→ Exercise: An acceptable answer repeats exactly the line containing "2000年12月14號,巴薩" and all lines that follow it in the listing below, and it includes no pictures.
Records for this exercise Start Marker
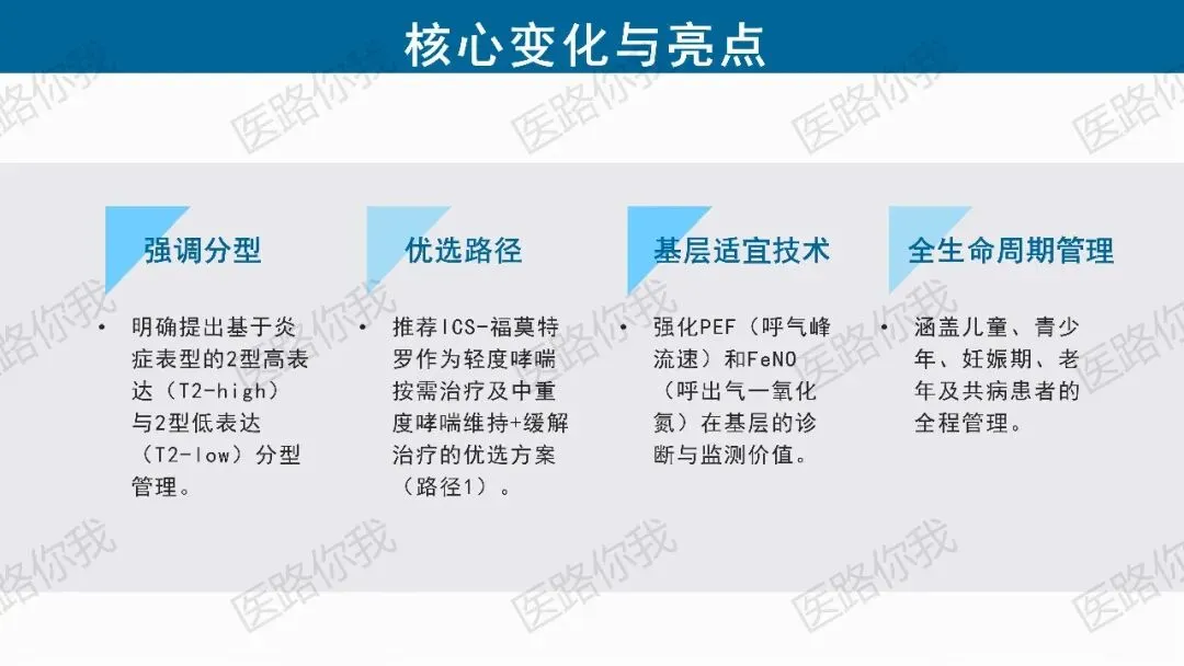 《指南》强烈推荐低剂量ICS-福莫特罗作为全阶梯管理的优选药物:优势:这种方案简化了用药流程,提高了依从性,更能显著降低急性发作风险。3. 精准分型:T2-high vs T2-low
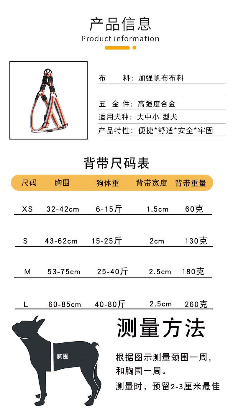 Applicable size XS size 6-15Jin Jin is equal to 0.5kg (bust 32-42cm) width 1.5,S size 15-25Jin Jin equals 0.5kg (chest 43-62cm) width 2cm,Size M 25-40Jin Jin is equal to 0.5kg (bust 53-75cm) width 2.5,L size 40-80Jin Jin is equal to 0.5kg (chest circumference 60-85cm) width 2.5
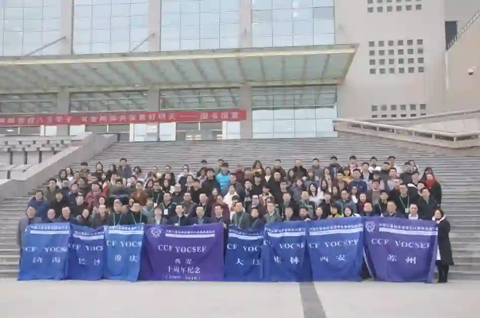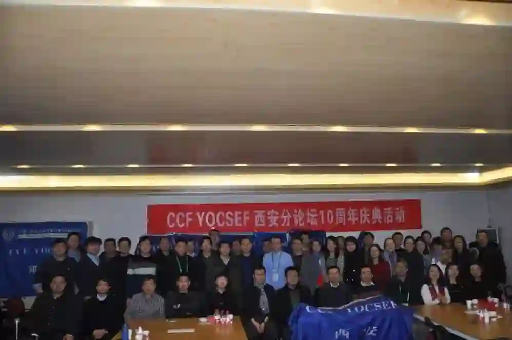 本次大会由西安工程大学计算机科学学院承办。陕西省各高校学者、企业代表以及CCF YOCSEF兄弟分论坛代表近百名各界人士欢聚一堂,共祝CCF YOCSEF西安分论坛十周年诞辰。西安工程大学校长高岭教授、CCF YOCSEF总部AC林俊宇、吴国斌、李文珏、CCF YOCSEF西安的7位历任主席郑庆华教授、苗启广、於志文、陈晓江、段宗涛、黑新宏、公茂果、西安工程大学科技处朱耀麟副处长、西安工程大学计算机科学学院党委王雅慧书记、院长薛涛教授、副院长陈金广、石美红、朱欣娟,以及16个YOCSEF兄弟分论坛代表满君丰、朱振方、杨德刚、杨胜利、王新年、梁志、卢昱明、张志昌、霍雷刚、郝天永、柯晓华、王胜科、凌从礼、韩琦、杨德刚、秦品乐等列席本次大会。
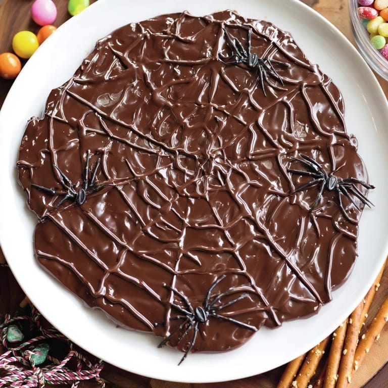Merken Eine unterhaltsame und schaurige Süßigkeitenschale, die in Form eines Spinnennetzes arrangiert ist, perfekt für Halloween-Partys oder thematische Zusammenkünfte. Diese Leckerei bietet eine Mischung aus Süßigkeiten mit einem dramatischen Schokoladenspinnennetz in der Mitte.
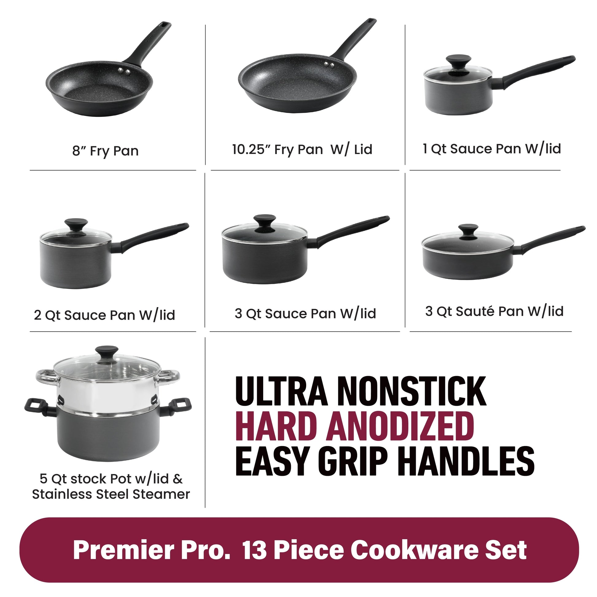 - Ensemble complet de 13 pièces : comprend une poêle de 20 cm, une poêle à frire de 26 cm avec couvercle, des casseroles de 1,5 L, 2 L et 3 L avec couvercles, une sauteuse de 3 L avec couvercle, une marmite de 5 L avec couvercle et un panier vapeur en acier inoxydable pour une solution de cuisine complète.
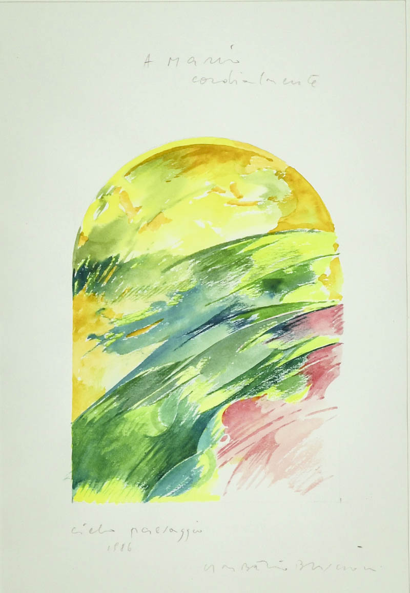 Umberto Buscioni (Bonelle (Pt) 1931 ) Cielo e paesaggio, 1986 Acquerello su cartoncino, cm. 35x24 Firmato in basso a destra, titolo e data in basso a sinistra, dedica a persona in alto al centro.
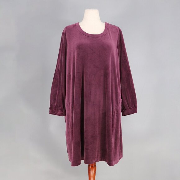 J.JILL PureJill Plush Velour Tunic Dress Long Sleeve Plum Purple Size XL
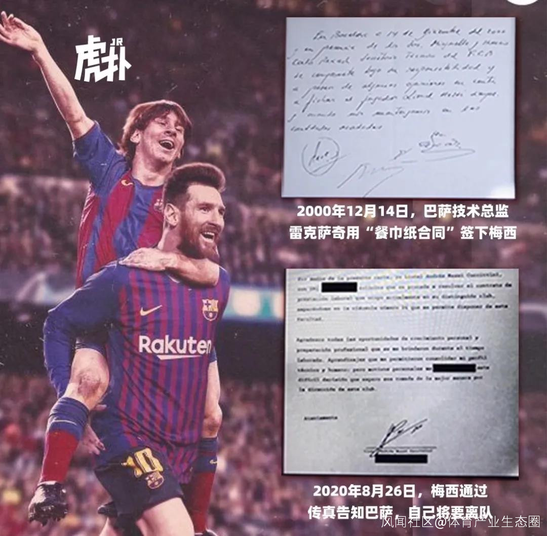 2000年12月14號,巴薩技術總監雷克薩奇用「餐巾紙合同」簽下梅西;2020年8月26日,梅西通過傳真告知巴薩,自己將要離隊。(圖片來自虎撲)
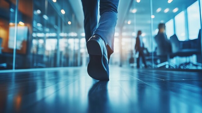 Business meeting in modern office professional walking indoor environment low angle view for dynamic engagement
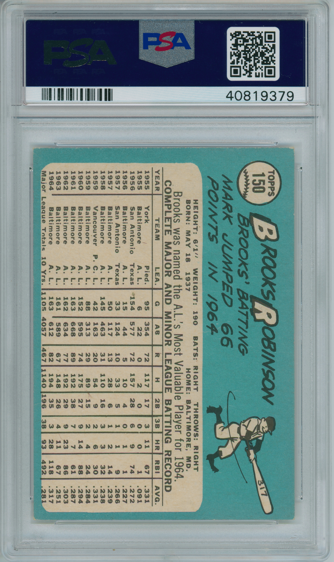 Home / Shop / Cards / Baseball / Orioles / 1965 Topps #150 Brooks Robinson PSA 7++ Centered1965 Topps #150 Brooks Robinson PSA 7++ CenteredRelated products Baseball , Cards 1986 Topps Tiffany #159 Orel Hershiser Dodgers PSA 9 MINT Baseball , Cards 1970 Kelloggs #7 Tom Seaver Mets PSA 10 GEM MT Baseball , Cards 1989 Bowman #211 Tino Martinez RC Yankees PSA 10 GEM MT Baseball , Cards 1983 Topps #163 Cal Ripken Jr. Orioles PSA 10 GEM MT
Records for this exercise End Marker
→ Answer:
 2000年12月14號,巴薩技術總監雷克薩奇用「餐巾紙合同」簽下梅西;2020年8月26日,梅西通過傳真告知巴薩,自己將要離隊。(圖片來自虎撲)
 Business meeting in modern office professional walking indoor environment low angle view for dynamic engagement
 Home / Shop / Cards / Baseball / Orioles / 1965 Topps #150 Brooks Robinson PSA 7++ Centered1965 Topps #150 Brooks Robinson PSA 7++ CenteredRelated products Baseball , Cards 1986 Topps Tiffany #159 Orel Hershiser Dodgers PSA 9 MINT Baseball , Cards 1970 Kelloggs #7 Tom Seaver Mets PSA 10 GEM MT Baseball , Cards 1989 Bowman #211 Tino Martinez RC Yankees PSA 10 GEM MT Baseball , Cards 1983 Topps #163 Cal Ripken Jr. Orioles PSA 10 GEM MT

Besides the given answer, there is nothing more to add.